## Exercise directions
From the first line to the last, give the records again exactly and skip the pictures.

## Records supplied
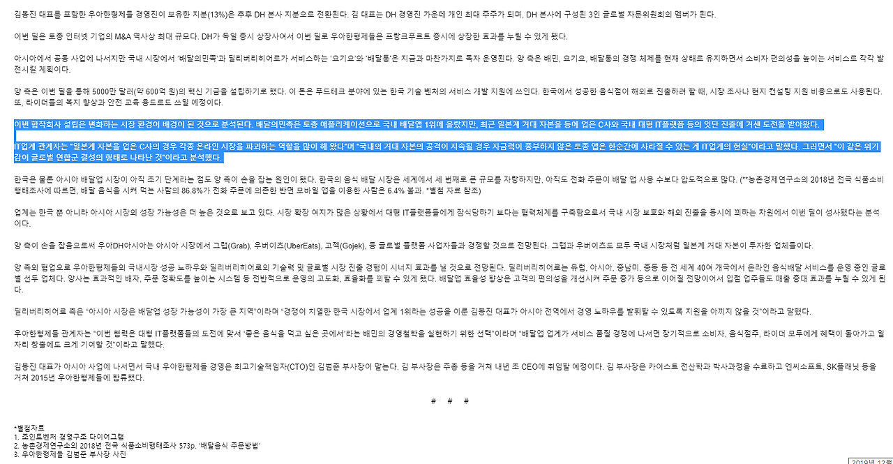 IT업계 관계자는 "일본계 자본을 업은 C사의 경우 각종 온라인 시장을 파괴하는 역할을 많이 해 왔다”며 “국내외 거대 자본의 공격이 지속될 경우 자금력이 풍부하지 않은 토종 앱은 한순간에 사라질 수 있는 게 IT업계의 현실”이라고 말했다. 그러면서 “이 같은 위기감이 글로벌 연합군 결성의 형태로 나타난 것"이라고 분석했다. - 우아한형제들 13일 자 보도자료 중 발췌
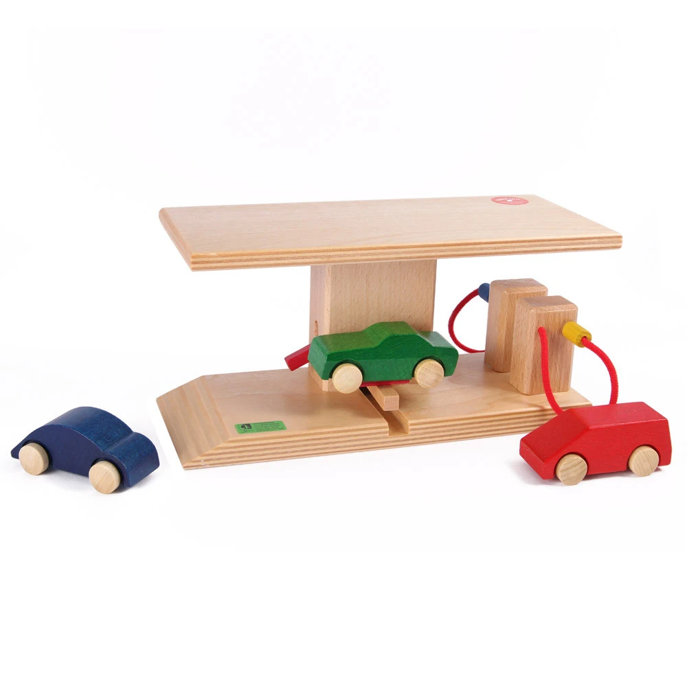 Eine funktionsfähige Tankstelle für Fahrzeuge. Die Tankstelle hat zwei Zapfstellen mit Schlauch und die Fahrzeuge können mit einem Hebel um ca. 2 cm angehoben werden.
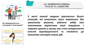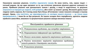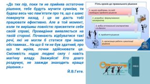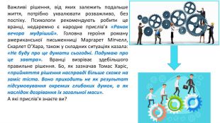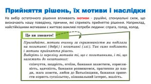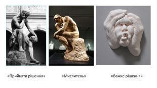 Урок побудовано на прикладах з життя, тому використовано матеріал слайдів для роботи учнів у мікрогрупах: мотиви, рішення-вчинки, наслідки. Для розвитку критичного мислення надані ілюстрації з міжпредметних галузей: живопис і скульптура.
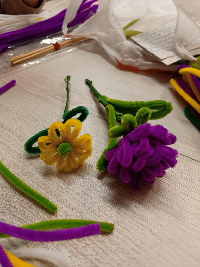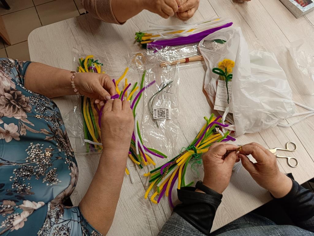 Не смотря на пасмурную погоду за окном, в руках наших рукодельниц распускаются настоящие букеты. Только они не совсем обычные, а созданы из синельной проволоки. Из податливого материала родились соцветия, которые в свою очередь сложились в яркие букеты. Рукодельницы узнали особенности работы с синельной проволокой, а также обсудили планы на ближайшие мастер-классы.
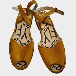 Fly London Mustard Yellow Wedge Sandals Peep Toe Ankle Wrap Shoes
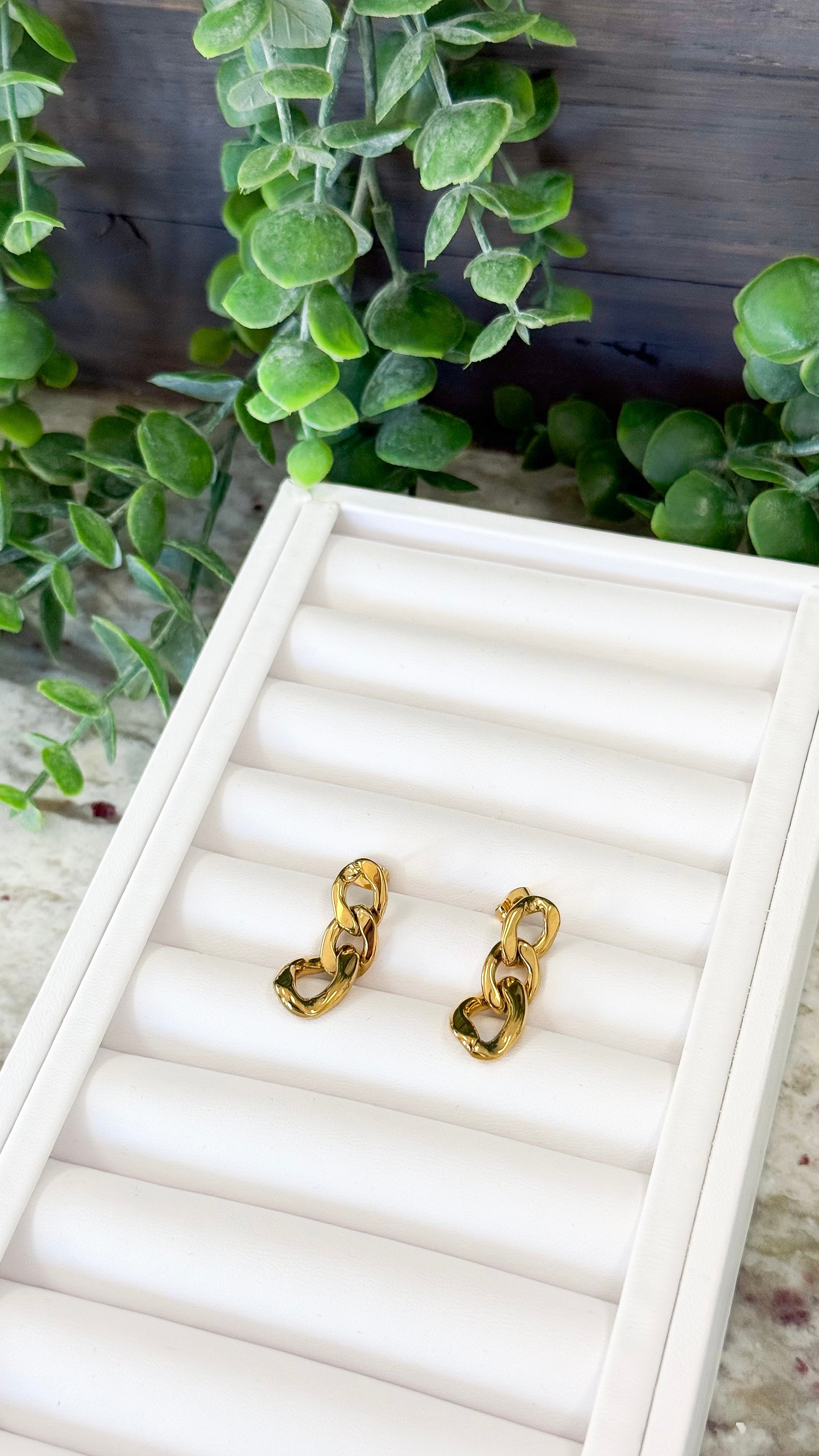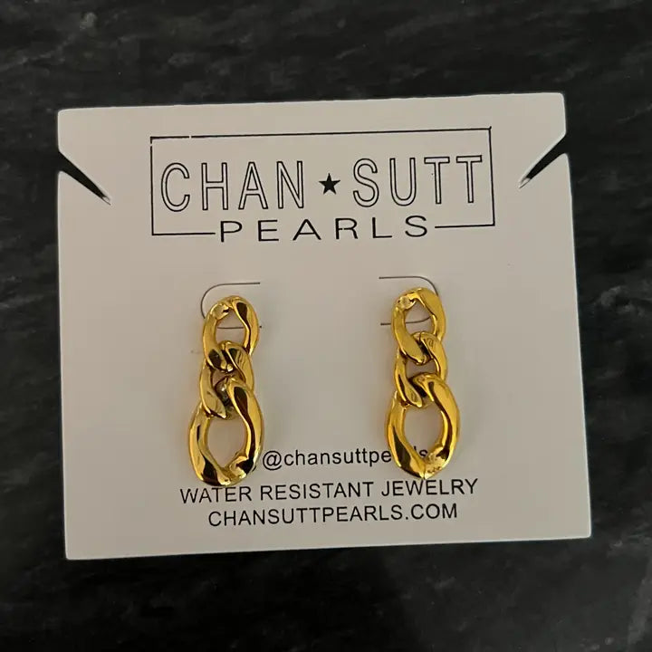 These gold paperclip dangle huggie earrings from Chansuttpearls are a perfect blend of style and durability. These huggie earrings are lightweight and water-resistant, and pairs perfect with any outfit.
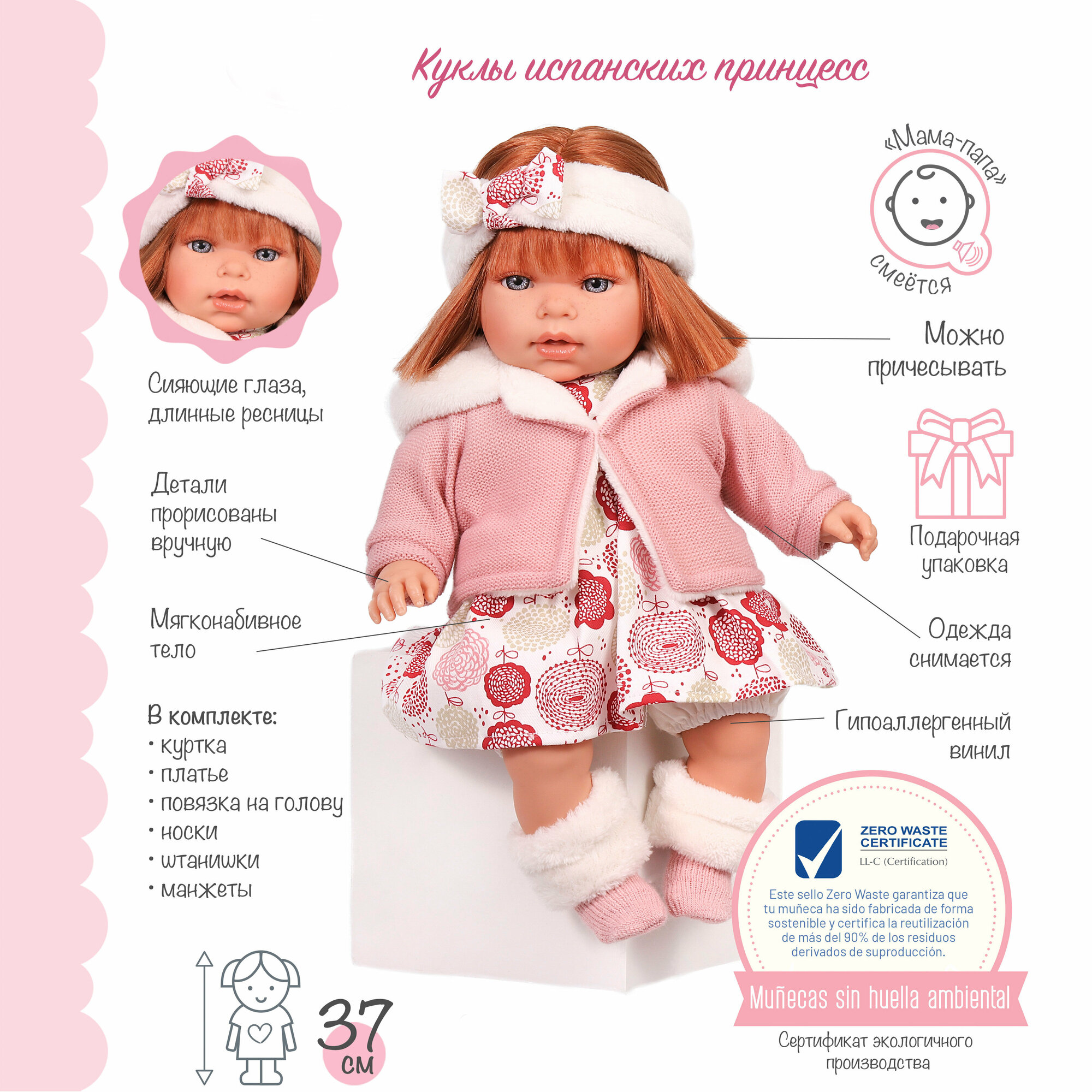 1561P Кукла Валентина в розовом озвученная (мама, папа, смех), 37 см
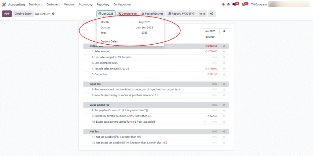 The monthly PP30 report is mandatory in Thailand. Odoo simplifies this:
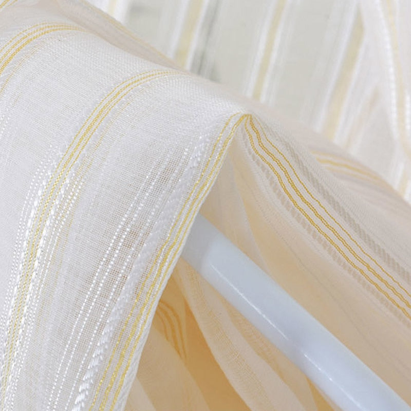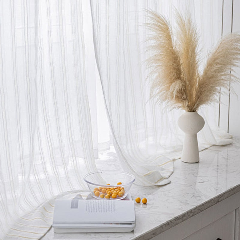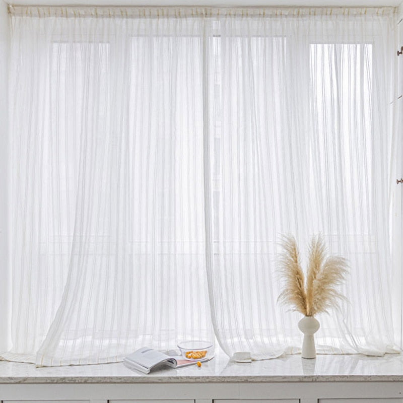 Denna gardin är mer än bara en vacker inredningsdetalj; den är en smart investering för ditt hem. Föreställ dig hur solens strålar filtreras mjukt genom det lätta tyget, skapande ett behagligt sken i rummet. Den randiga designen ger en känsla av rymd och lugn, perfekt för sovrum, vardagsrum eller kök. Dessutom, tack vare kardborrefästningen, kan du enkelt ta ner gardinen för rengöring eller för att byta stil när andan faller på. Det är den perfekta kombinationen av estetik och funktionalitet, skräddarsydd för ett modernt hem.
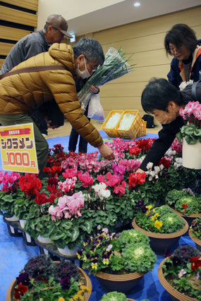 南郷高の生徒が育てた農産物販売会が8日、大崎市図書館で開かれた。心待ちにしていた市民で開始前から長蛇の列ができ、搬入されたシクラメンの花鉢、ダイコンやネギが飛ぶように売れ、生徒たちは忙しいながらも笑顔を絶やさず接客していた。同館が大崎地域の高校12校と締結している連携事業の一環。各校の図書委員が順番でお薦め本や学校の特色を紹介する展示コーナーがあり、今月は同校が担当。今シーズンは暑さの影響はあったものの、シクラメン130鉢をはじめダイコン、ネギも前回より品数を増やし、高品質のものを取りそろえたという。
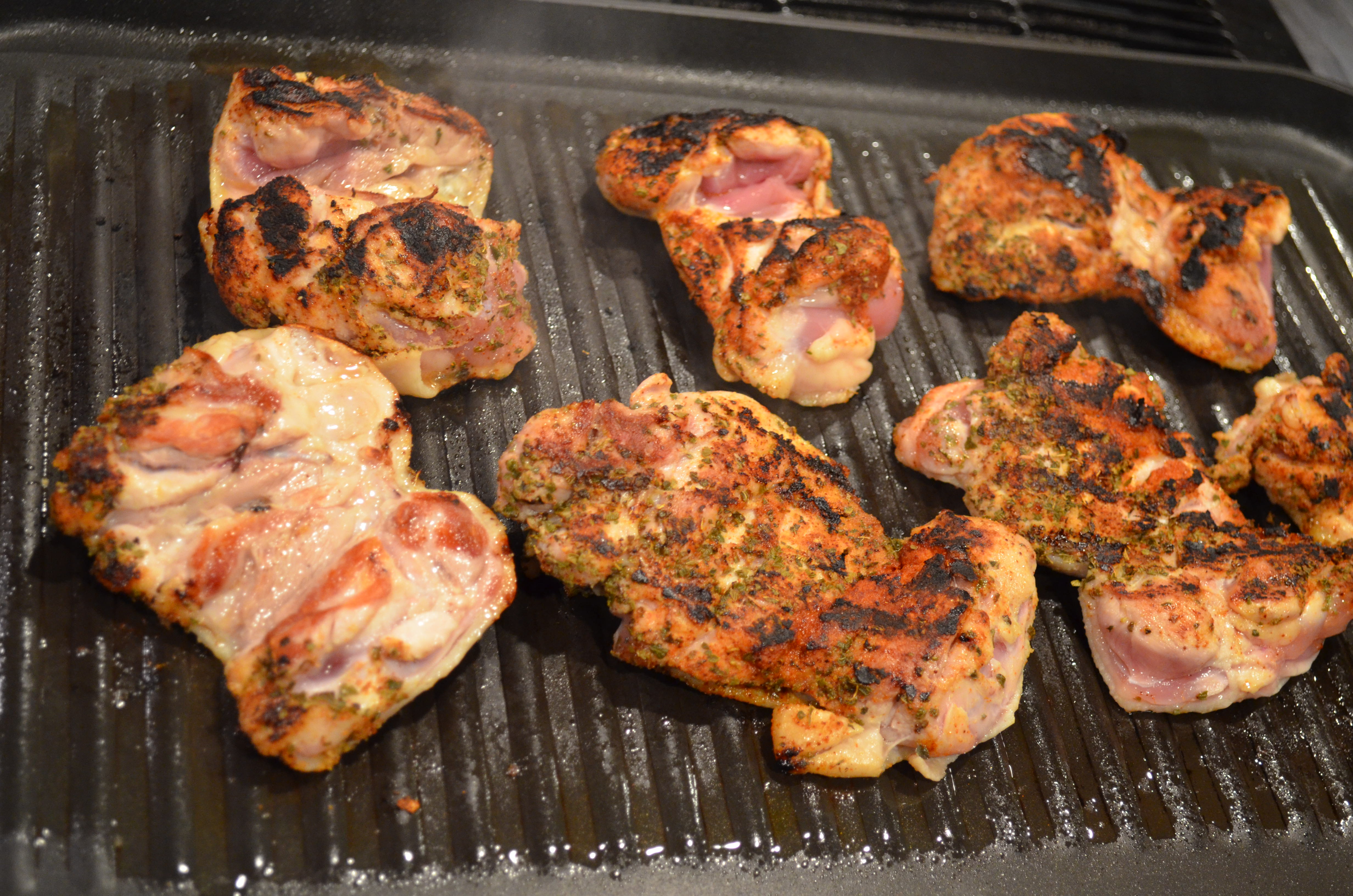1. Place the chicken, onion salt, chili power, oregano, paprika and oil in a bowl and toss to coat. Preheat a char-grill pan or barbecue over high heat. Char-grill or barbecue the chicken for 4-5 minutes each side or until cooked through.

## Solution for this exercise
 IT업계 관계자는 "일본계 자본을 업은 C사의 경우 각종 온라인 시장을 파괴하는 역할을 많이 해 왔다”며 “국내외 거대 자본의 공격이 지속될 경우 자금력이 풍부하지 않은 토종 앱은 한순간에 사라질 수 있는 게 IT업계의 현실”이라고 말했다. 그러면서 “이 같은 위기감이 글로벌 연합군 결성의 형태로 나타난 것"이라고 분석했다. - 우아한형제들 13일 자 보도자료 중 발췌
 Eine funktionsfähige Tankstelle für Fahrzeuge. Die Tankstelle hat zwei Zapfstellen mit Schlauch und die Fahrzeuge können mit einem Hebel um ca. 2 cm angehoben werden.
 Урок побудовано на прикладах з життя, тому використовано матеріал слайдів для роботи учнів у мікрогрупах: мотиви, рішення-вчинки, наслідки. Для розвитку критичного мислення надані ілюстрації з міжпредметних галузей: живопис і скульптура.
 Не смотря на пасмурную погоду за окном, в руках наших рукодельниц распускаются настоящие букеты. Только они не совсем обычные, а созданы из синельной проволоки. Из податливого материала родились соцветия, которые в свою очередь сложились в яркие букеты. Рукодельницы узнали особенности работы с синельной проволокой, а также обсудили планы на ближайшие мастер-классы.
 Fly London Mustard Yellow Wedge Sandals Peep Toe Ankle Wrap Shoes
 These gold paperclip dangle huggie earrings from Chansuttpearls are a perfect blend of style and durability. These huggie earrings are lightweight and water-resistant, and pairs perfect with any outfit.
 1561P Кукла Валентина в розовом озвученная (мама, папа, смех), 37 см
 The monthly PP30 report is mandatory in Thailand. Odoo simplifies this:
 Denna gardin är mer än bara en vacker inredningsdetalj; den är en smart investering för ditt hem. Föreställ dig hur solens strålar filtreras mjukt genom det lätta tyget, skapande ett behagligt sken i rummet. Den randiga designen ger en känsla av rymd och lugn, perfekt för sovrum, vardagsrum eller kök. Dessutom, tack vare kardborrefästningen, kan du enkelt ta ner gardinen för rengöring eller för att byta stil när andan faller på. Det är den perfekta kombinationen av estetik och funktionalitet, skräddarsydd för ett modernt hem.
 南郷高の生徒が育てた農産物販売会が8日、大崎市図書館で開かれた。心待ちにしていた市民で開始前から長蛇の列ができ、搬入されたシクラメンの花鉢、ダイコンやネギが飛ぶように売れ、生徒たちは忙しいながらも笑顔を絶やさず接客していた。同館が大崎地域の高校12校と締結している連携事業の一環。各校の図書委員が順番でお薦め本や学校の特色を紹介する展示コーナーがあり、今月は同校が担当。今シーズンは暑さの影響はあったものの、シクラメン130鉢をはじめダイコン、ネギも前回より品数を増やし、高品質のものを取りそろえたという。
1. Place the chicken, onion salt, chili power, oregano, paprika and oil in a bowl and toss to coat. Preheat a char-grill pan or barbecue over high heat. Char-grill or barbecue the chicken for 4-5 minutes each side or until cooked through.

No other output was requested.